第73話|広い。平ら。太陽サンサン。だけどもね!
さて。
行ってきましたよ、2つの物件を見に。
Tさんは相変わらずいいヒトで、セールスで身を立てているとは思えないほど穏やかで親切で謙虚、
房総は相変わらずのどかで親密な自然が広がり、空気がおいしく、
ドライブしているだけで気分は上々、やっぱり房総サイコー、いい一日になりました。
でもって、その新しい物件は、どうだったかって?
よかったですよ〜。どちらもそれぞれの魅力があって、さすがTさんセレクションというおちゃめなところがあって。
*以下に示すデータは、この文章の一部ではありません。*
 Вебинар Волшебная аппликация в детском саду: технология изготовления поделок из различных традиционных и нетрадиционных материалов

1つ目は、西猪原というところにある土地で、日当たりは最高、雰囲気もなかなかのところ。
道をまたいで2つに分かれている土地だったので、高いほうにビニルハウスを建てて低いほうに家をたてようか?
などという話になりました。
難を言えば・・・これ、農地だったんですよね。農地か〜と脱力したわたしたちを、Tさんきょとんと見てました。
2つ目は、加茂というところ。
こちらの物件の見学には、なんとTさんの会社の社長さんもお付き合いくださいました!
社長さんが出てくるくらいですから、よっぽど上質な切り札を用意してくださったのでしょうか。
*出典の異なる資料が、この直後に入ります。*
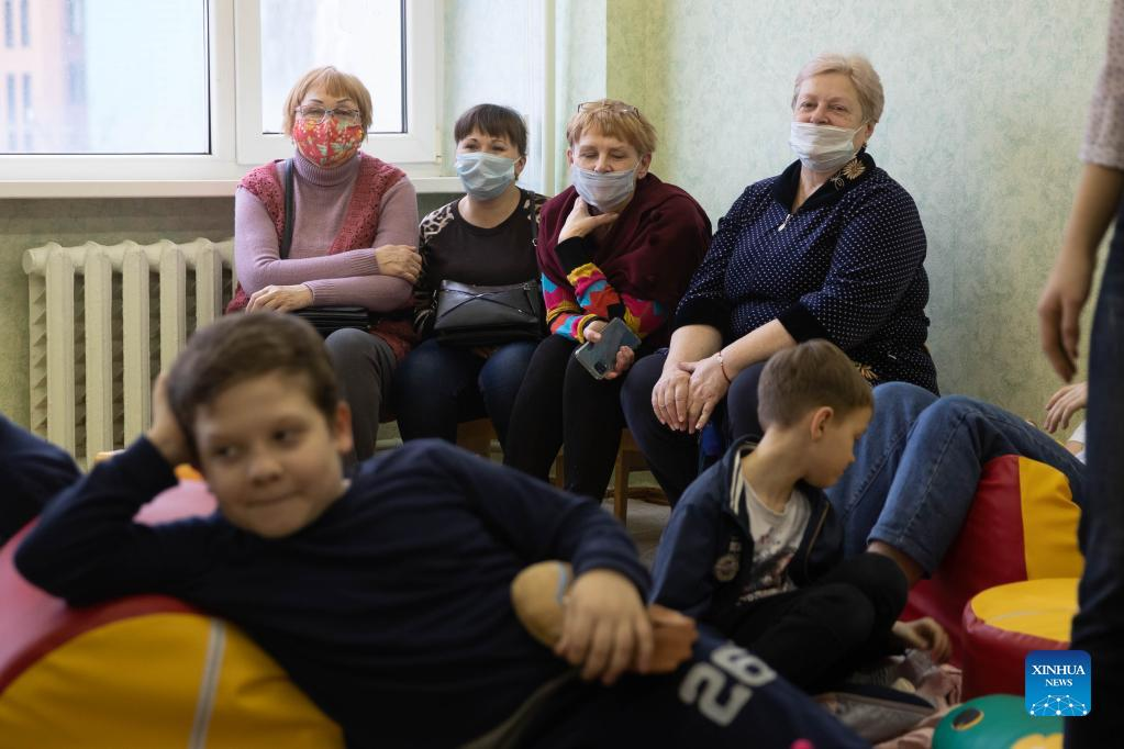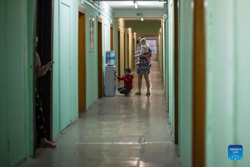 People from Donbass watch children playing at an accommodation site in a university dormitory in Rostov-on-Don, Russia, on Feb. 28, 2022. (Xinhua/Bai Xueqi)

「これから行く物件はですね、自信をもってオススメできます。広いし、平らだし、とにかく明るいですから!」
Tさんとは全く違う、がっつり朗らかで押し出しの強い社長さん。
「じゃ、じゃ、まいりましょうか」わたしたちの期待も自ずと膨らみます。だいたい2000坪あるっていうし、
「これはまさか農地じゃないでしょうね?」と確かめると「いえこれは、ただの雑種地ですよ!」というし、
あとは雰囲気次第です。

「奥でうつむいて歩いておられるのが社長さん。 ホントに広くて平らな土地だったのですが・・・今回はごめんなさい!」
2台引きで車を進め、着いたところは何故か某衛生機器メーカーの工場?廃棄物処理場?
便器などがぼこぼこ置いてあります。
へ?ここかいな?とクエスチョンの顔をしていると、わたしたちの表情を楽しむように社長さんが言いました。
「この上ですよ、道の反対側、登りましょう!」
案内された土地は、確かに広かった!平らだった!そして、明るかった!丸く切り開かれた土地です。
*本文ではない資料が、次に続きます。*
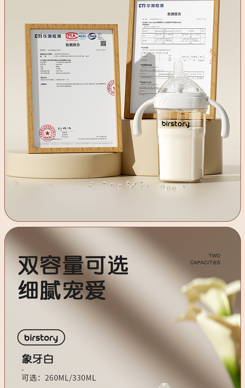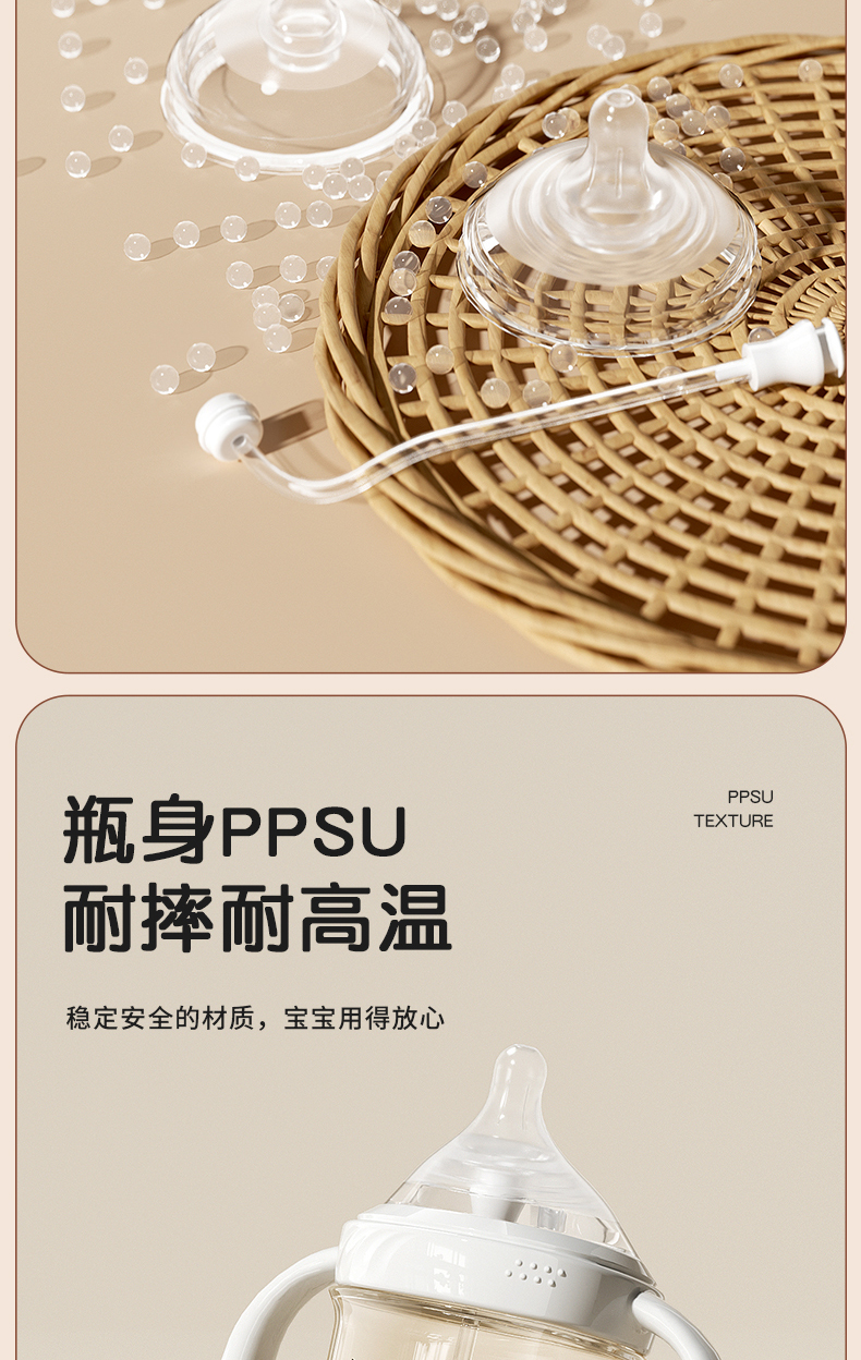 商品名称:良品物语 ppsu奶瓶一杯两用宽口径新生儿吸管奶瓶儿童喝奶吸管杯学饮杯奶嘴吸嘴260/330ml

「どうです!?広いでしょう!!ここなら誰にも邪魔されず、房総の空気を独占できますよ」
社長さんは胸を張っています。わたしたちの顔を覗き込むようにしてさらにセールストークが続きます。
「いやあ、ここが見つかったとき、やった!と思いましたね。これならお気に召すだろうと」
わたしはにっこりと微笑んで「いい場所ですねー」といいながらも、この土地の持つ吸引力があまり強くないことを感じ取っていました。
何かが、決定的に足りない。
このブログについて平日は多忙なサラリーマン、だが休みとなると植物栽培マニアと化す夫。膨大な数の珍植物が自宅からあふれ置き場所に困り果てた挙げ句、夫婦の選ぶ道は「田舎で地主になる!」。植物と人間にとって理想の土地を探し求めることに決して妥協しない彼らの「とんでもない紆余曲折」を、赤裸々に綴ったブログ。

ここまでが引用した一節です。